100.times { Class.new(String) }

puts "Total classes after defining: #{ObjectSpace.count_objects[:T_CLASS]}" 
puts "String subclasses count after defining: #{String.subclasses.count}" 

GC.enable
GC.start

puts "Total classes after GC: #{ObjectSpace.count_objects[:T_CLASS]}" 
puts "String subclasses count after GC: #{String.subclasses.count}" 

# Total classes after defining: 1324
# String subclasses count after defining: 102
# Running GC...
# Total classes after GC: 1124
# String subclasses count after GC: 2

Boom! Anonymous classes are being garbage collected! Classes that are not referenced anywhere are subject to garbage collection like other objects, and this code was not memoizing them:

before do
  Array.new(5) { Class.new(base1) }
  Array.new(5) { Class.new(base2) }
end

Hence, the spec would fail if GC kicked in exactly between the classes definitions and the spec execution. This is why it would only fail once in a while.

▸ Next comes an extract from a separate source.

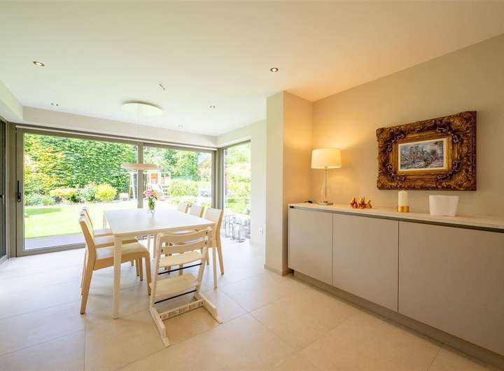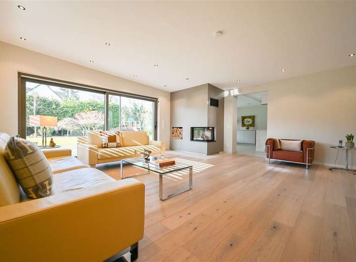 Im Erdgeschoss Ihres neuen Zuhauses erwartet Sie zunächst eine durch ein Oberlicht lichtdurchflutete Diele (ca. 16 m²), die durch hochwertige, maßgefertigte Schreinerarbeiten als große Garderobe genutzt wird. Im Anschluss geht man zur Rechten entweder in den ca. 36 m² großen Koch- und Essbereich oder in das knapp 40 m² große Wohnzimmer. Bei der Küche handelt es sich um eine vom Schreiner maßgefertigte Design-Einbauküche mit exquisiten Miele- und Siemenseinbaugeräten, u.a. auch einer Design-Dunstabzugshaube und einer Grohe Blue Trinkwasseraufbereitungsanlage. Highlight des Wohnbereichs ist der Panorama-Design-Kamin mit schöner Nische zum Lagern des Buchenholzes. Verbunden oder zu Trennen ist Wohnen/Essen über eine große Schiebetüre. Zum ca. 500 m² großen und reinem Garten und zur ca. 51 m² großen Gartenterrasse (zu 50% in die Wfl. gerechnet) öffnen sich beide Bereiche durch bodentiefe Schiebetüren (moderne Holzfenster mit Panzerglas). Die Terrasse ist durch das überkragende Dach geschützt.
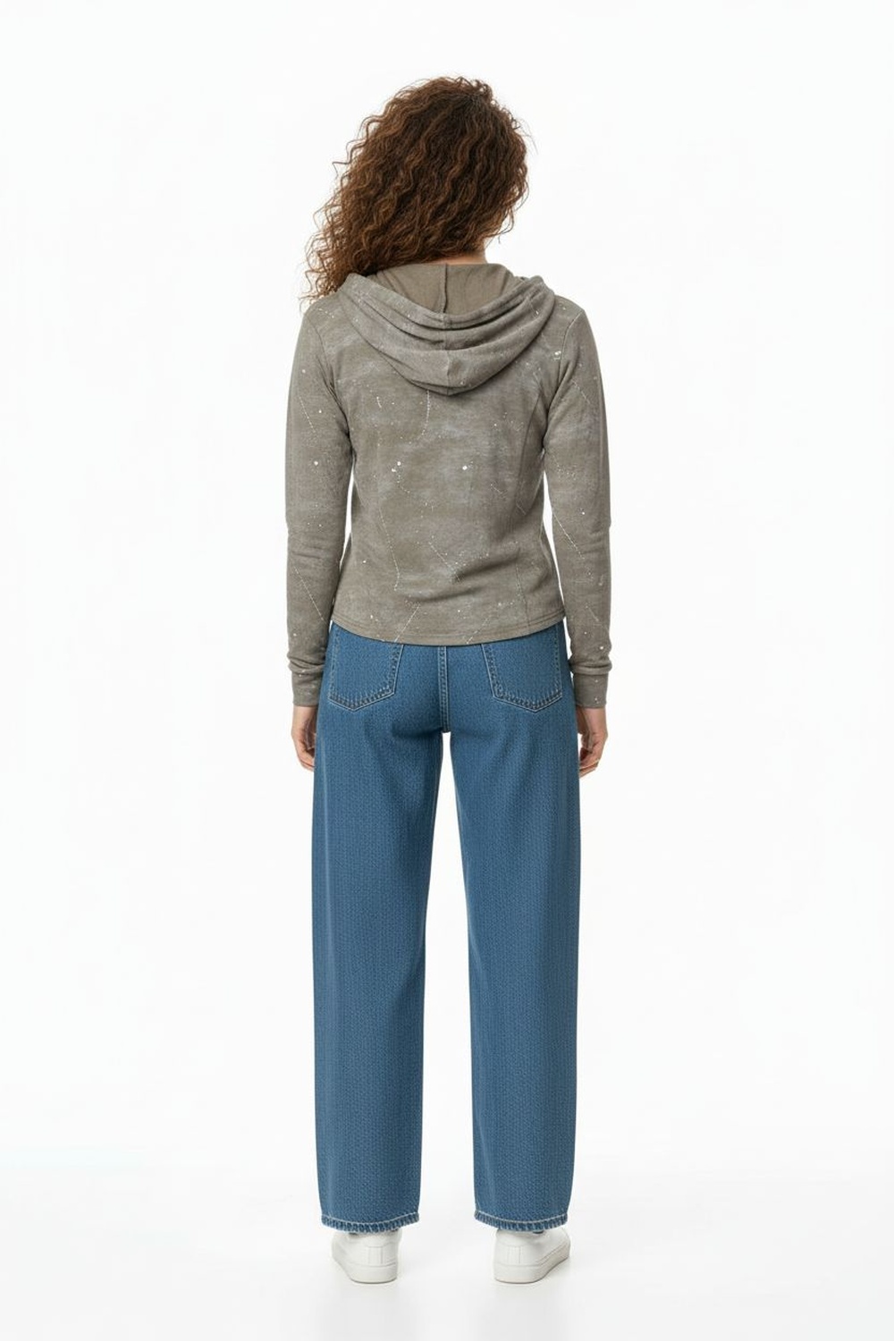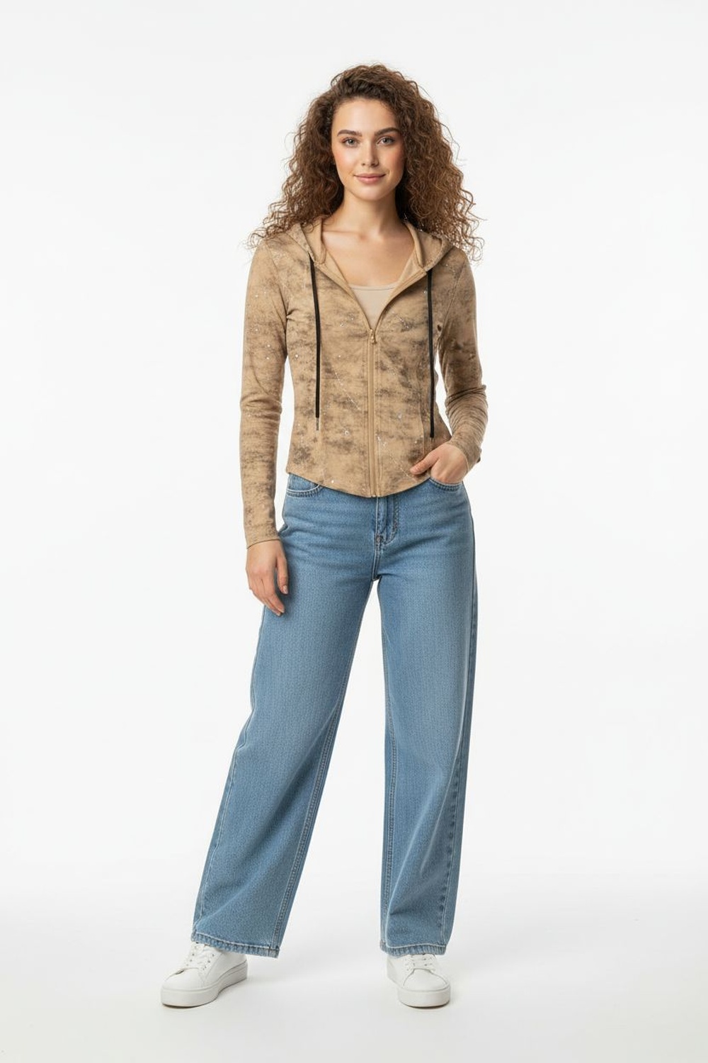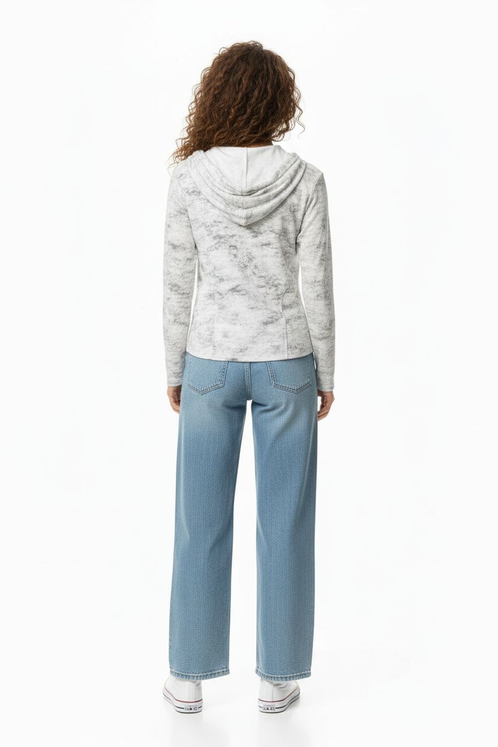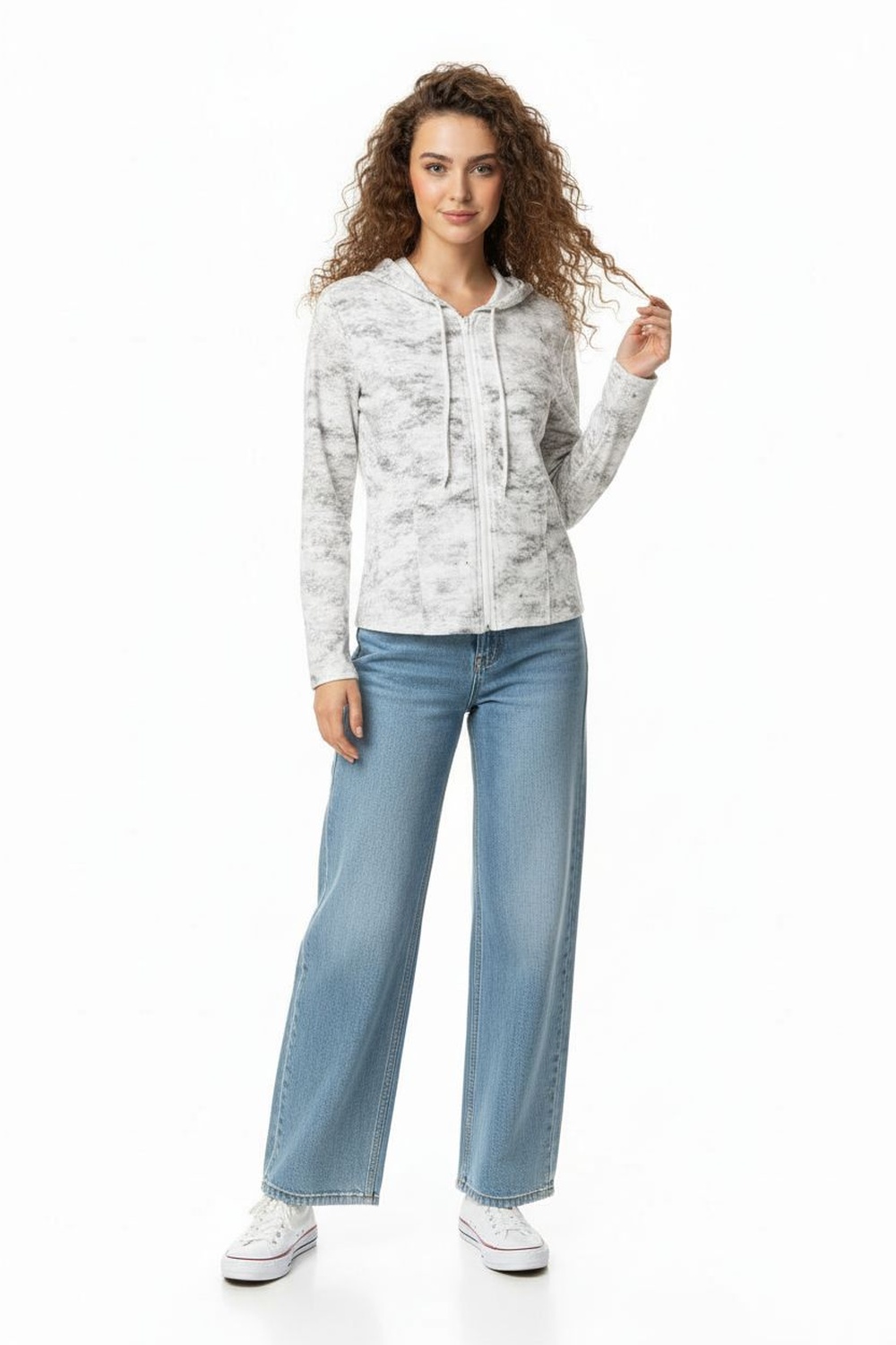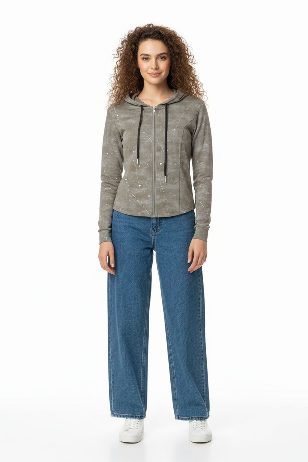 Chamarra con capucha ajustable mediante cordones, cierre frontal completo, manga larga con ajuste al cuerpo, bolsillos laterales funcionales y acabado suave al tacto

Fixing such an issue required only minimal changes to the spec:

    let(:descendants) do
      # This needs to be memorized, otherwise Ruby GC may remove those in between assertions
      [
        Array.new(5) { Class.new(base1) },
        Array.new(5) { Class.new(base2) }
      ]
    end

    before { descendants }

That way, the anonymous classes would be referenced throughout the lifetime of this spec.

Summary (TL;DR)

Anonymous classes and modules are a subject of garbage collection like any other object. Unless you reference them, they may be gone before wanting to use them via #descendants or similar lookups. Always reference them in some way or face the unexpected.

Afterword

It was pointed to me by Jean Boussier, that there's an ActiveSupport::DescendantsTracker that can also be used to improve the lookup performance and that Ruby 3.1 has a #subclasses that also is much faster than iterating over ObjectSpace. While their performance is several times faster than the "old" lookup, it is still a magnitude slower than caching the descendants in dev but has similar performance in production.

0.002020 vs. 0.000023 in dev and 0.000039 vs. 0.000042 in production.

The best code is no code, so now I can deprecate my code. The strong class references, however, are still valid and worth keeping in mind.